## EXERCISE DIRECTIONS
Go to the line with "Our mixed bouquet" in the material below and copy from there through the line with "Damit ist Seite", exactly. Pictures are not copied.
*** Opening of GIVEN DATA ***
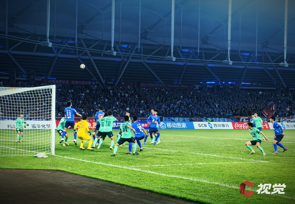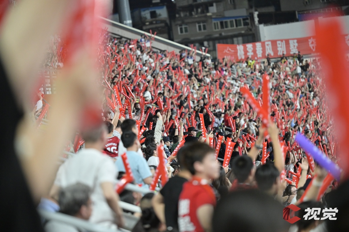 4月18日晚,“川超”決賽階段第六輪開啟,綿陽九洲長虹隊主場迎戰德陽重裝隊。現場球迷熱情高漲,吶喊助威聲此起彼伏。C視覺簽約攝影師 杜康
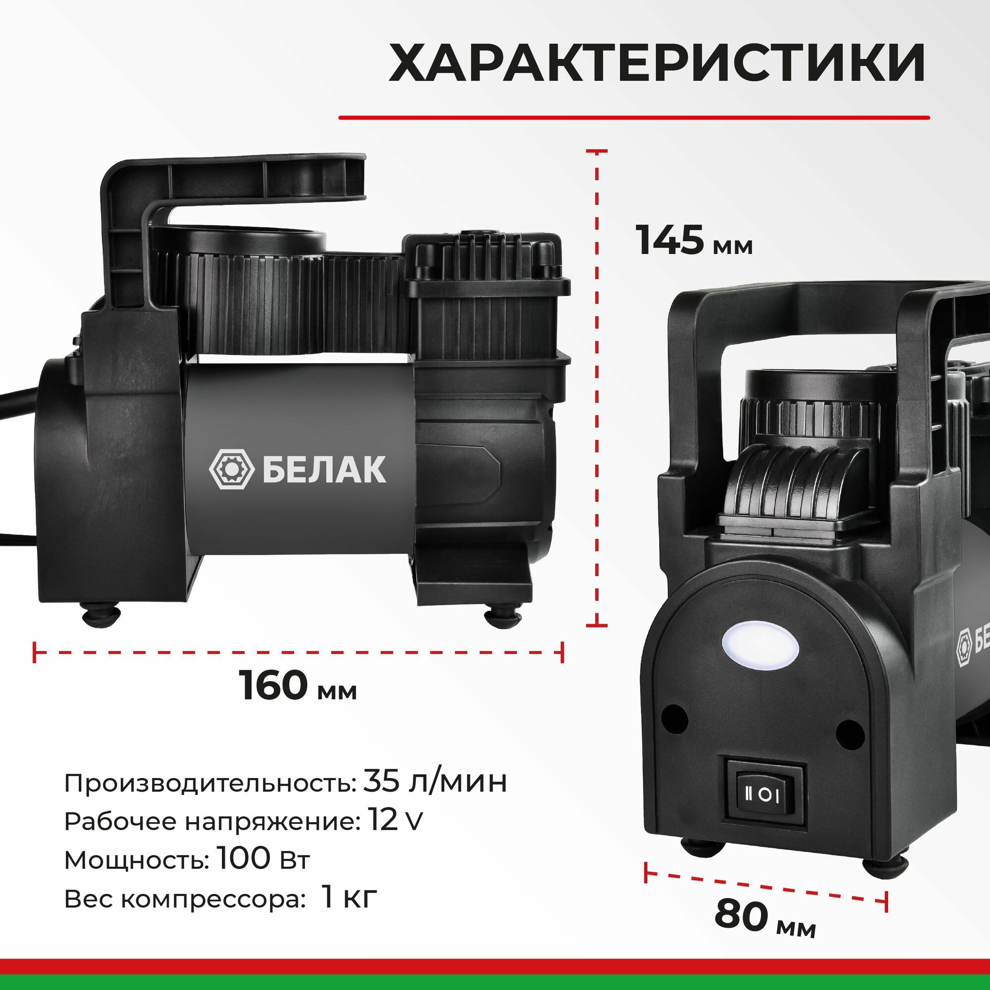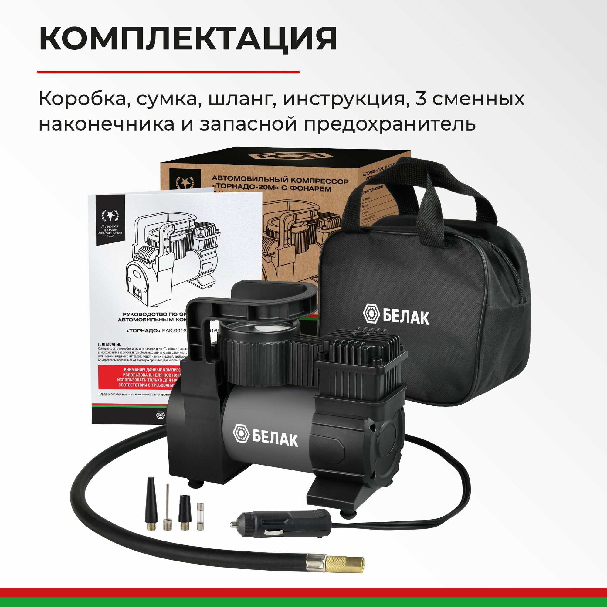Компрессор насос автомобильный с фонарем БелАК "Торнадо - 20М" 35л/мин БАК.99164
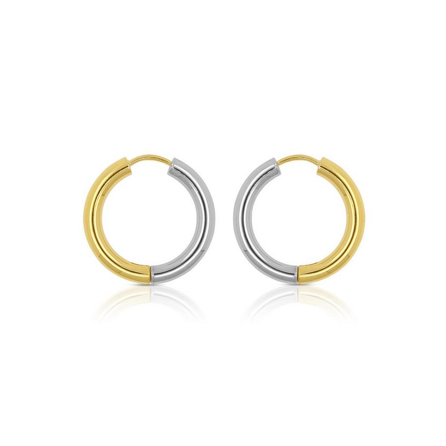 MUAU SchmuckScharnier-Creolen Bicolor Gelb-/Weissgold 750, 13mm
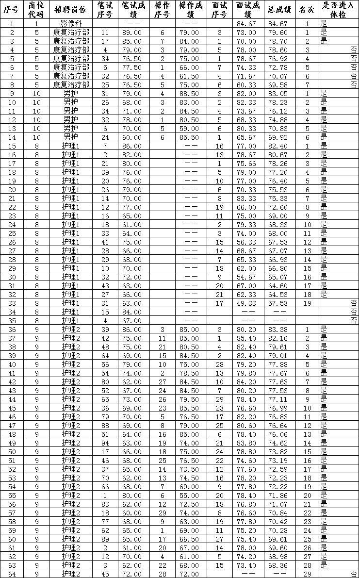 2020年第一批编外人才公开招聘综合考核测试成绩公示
*** Close of GIVEN DATA ***
*** Opening of GIVEN DATA ***
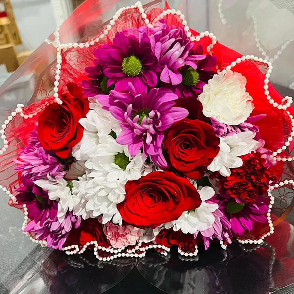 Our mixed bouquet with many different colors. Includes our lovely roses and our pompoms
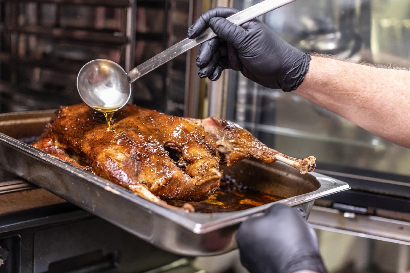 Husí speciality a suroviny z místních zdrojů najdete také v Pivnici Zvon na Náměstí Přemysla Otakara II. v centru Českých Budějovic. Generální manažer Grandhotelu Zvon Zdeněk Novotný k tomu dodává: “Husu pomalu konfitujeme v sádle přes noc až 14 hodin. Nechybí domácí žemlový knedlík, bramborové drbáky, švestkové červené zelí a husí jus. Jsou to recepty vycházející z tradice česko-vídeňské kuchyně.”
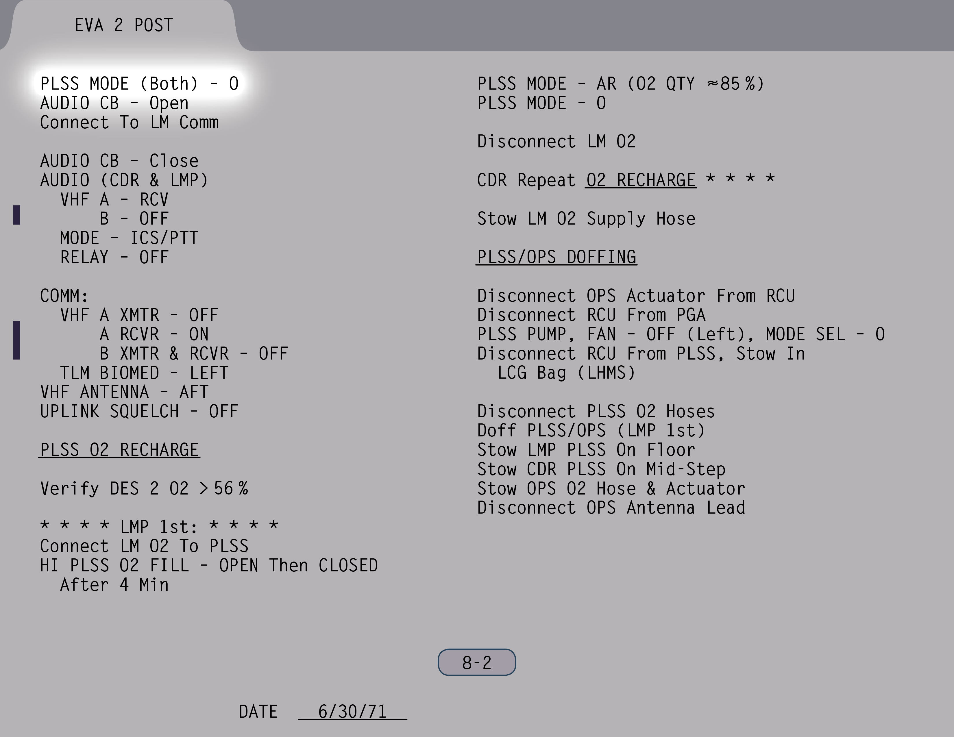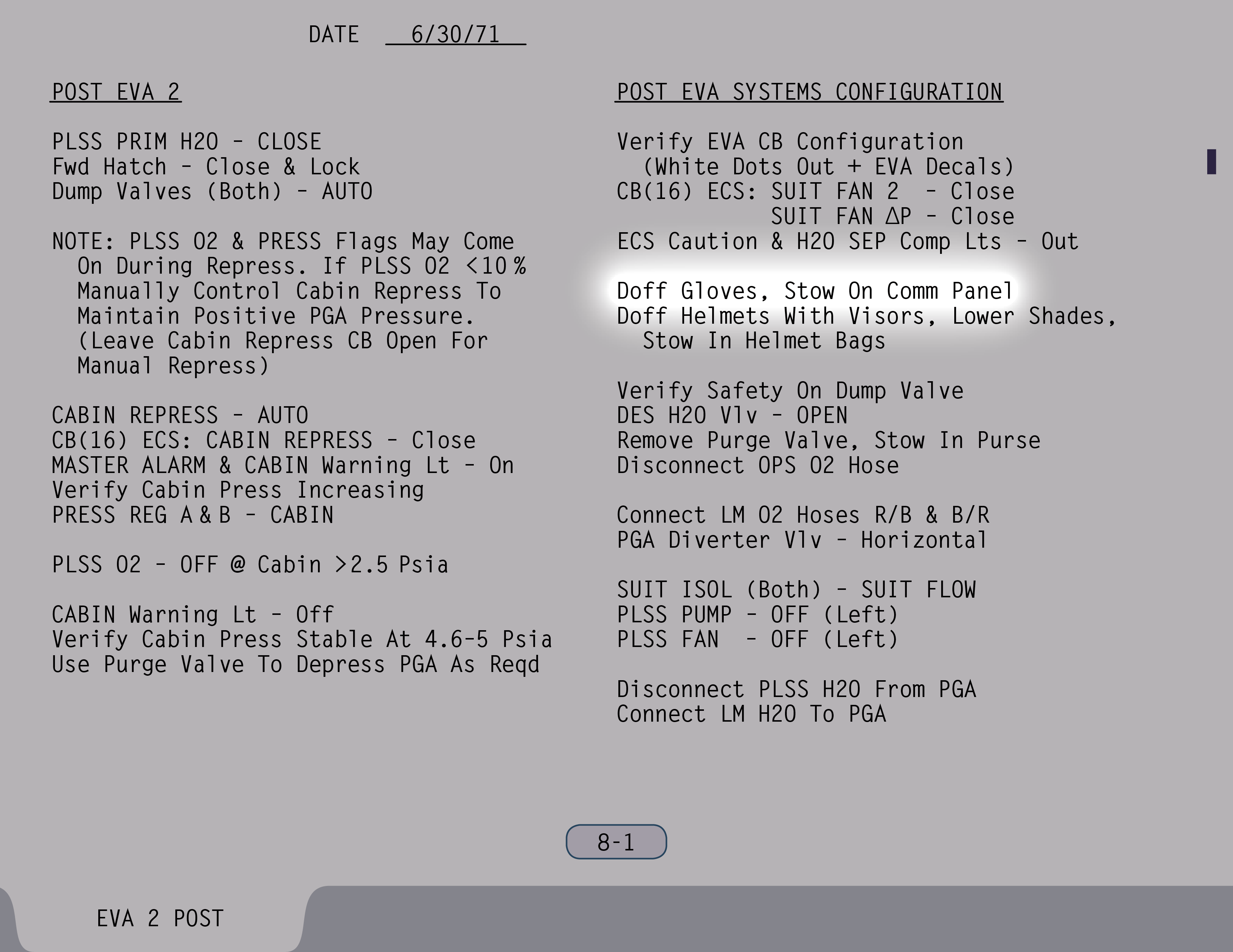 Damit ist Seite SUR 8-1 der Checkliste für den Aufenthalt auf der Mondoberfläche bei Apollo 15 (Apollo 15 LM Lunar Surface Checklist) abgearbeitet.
*** Close of GIVEN DATA ***
## RESPONSE AREA
 Our mixed bouquet with many different colors. Includes our lovely roses and our pompoms
 Husí speciality a suroviny z místních zdrojů najdete také v Pivnici Zvon na Náměstí Přemysla Otakara II. v centru Českých Budějovic. Generální manažer Grandhotelu Zvon Zdeněk Novotný k tomu dodává: “Husu pomalu konfitujeme v sádle přes noc až 14 hodin. Nechybí domácí žemlový knedlík, bramborové drbáky, švestkové červené zelí a husí jus. Jsou to recepty vycházející z tradice česko-vídeňské kuchyně.”
 Damit ist Seite SUR 8-1 der Checkliste für den Aufenthalt auf der Mondoberfläche bei Apollo 15 (Apollo 15 LM Lunar Surface Checklist) abgearbeitet.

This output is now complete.